+++ Provided entries

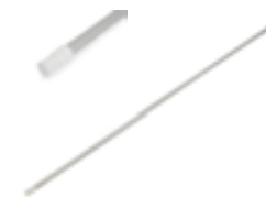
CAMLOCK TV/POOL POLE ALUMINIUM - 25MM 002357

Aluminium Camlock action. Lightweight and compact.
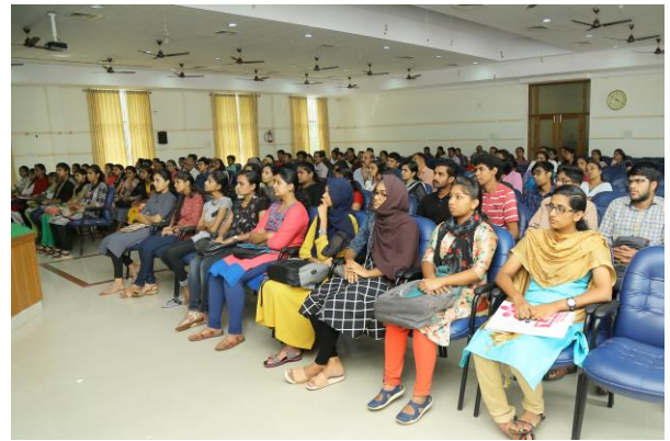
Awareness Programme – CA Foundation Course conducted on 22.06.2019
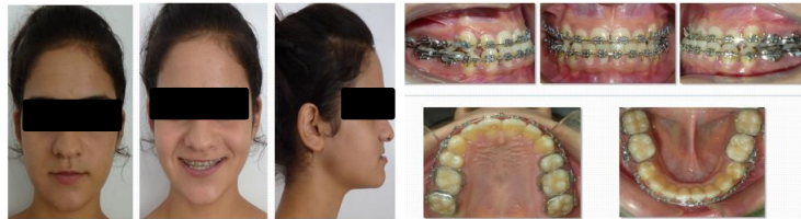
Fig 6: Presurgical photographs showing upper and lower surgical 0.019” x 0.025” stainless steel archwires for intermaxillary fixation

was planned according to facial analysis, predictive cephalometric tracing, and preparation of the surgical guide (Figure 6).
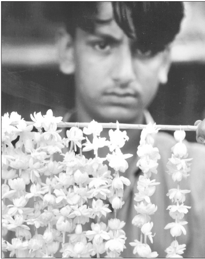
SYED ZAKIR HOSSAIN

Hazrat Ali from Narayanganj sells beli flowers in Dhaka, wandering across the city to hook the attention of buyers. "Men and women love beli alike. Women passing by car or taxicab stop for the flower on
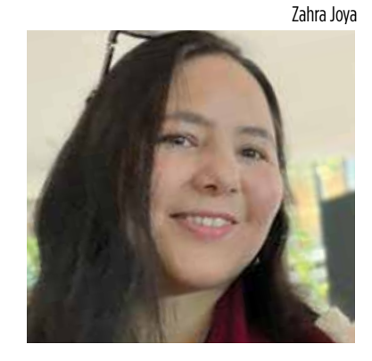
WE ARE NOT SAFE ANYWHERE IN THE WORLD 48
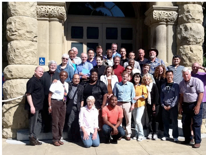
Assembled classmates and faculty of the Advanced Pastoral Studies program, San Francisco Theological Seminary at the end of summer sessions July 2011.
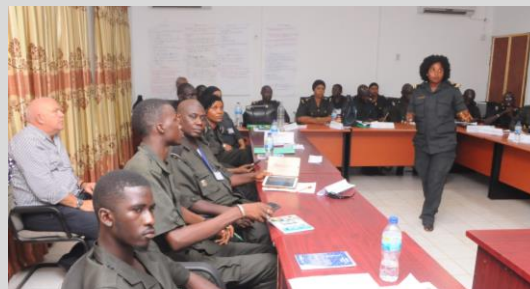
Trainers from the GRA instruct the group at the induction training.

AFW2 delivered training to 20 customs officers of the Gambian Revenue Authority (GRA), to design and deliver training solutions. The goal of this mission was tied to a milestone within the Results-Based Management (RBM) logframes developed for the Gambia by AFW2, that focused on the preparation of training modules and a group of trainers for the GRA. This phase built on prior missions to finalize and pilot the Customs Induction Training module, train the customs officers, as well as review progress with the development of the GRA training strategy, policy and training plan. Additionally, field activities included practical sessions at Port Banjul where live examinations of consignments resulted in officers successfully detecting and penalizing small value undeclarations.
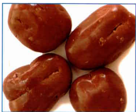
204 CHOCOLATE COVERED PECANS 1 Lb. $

++++++
+++ Provided entries

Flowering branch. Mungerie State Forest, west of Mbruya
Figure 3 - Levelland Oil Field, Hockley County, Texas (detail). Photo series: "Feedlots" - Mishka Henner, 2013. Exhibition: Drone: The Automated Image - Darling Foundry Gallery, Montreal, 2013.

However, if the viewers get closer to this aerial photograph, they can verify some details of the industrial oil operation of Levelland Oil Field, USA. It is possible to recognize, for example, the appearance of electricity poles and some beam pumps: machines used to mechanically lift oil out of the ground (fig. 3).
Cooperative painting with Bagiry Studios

++++++

Copy only these lines from the records above, exactly: the one with "SYED ZAKIR HOSSAIN", the one with "WE ARE NOT SAFE ANYWHERE IN THE WORLD 48", and those between. Skip the pictures.

SYED ZAKIR HOSSAIN

Hazrat Ali from Narayanganj sells beli flowers in Dhaka, wandering across the city to hook the attention of buyers. "Men and women love beli alike. Women passing by car or taxicab stop for the flower on
WE ARE NOT SAFE ANYWHERE IN THE WORLD 48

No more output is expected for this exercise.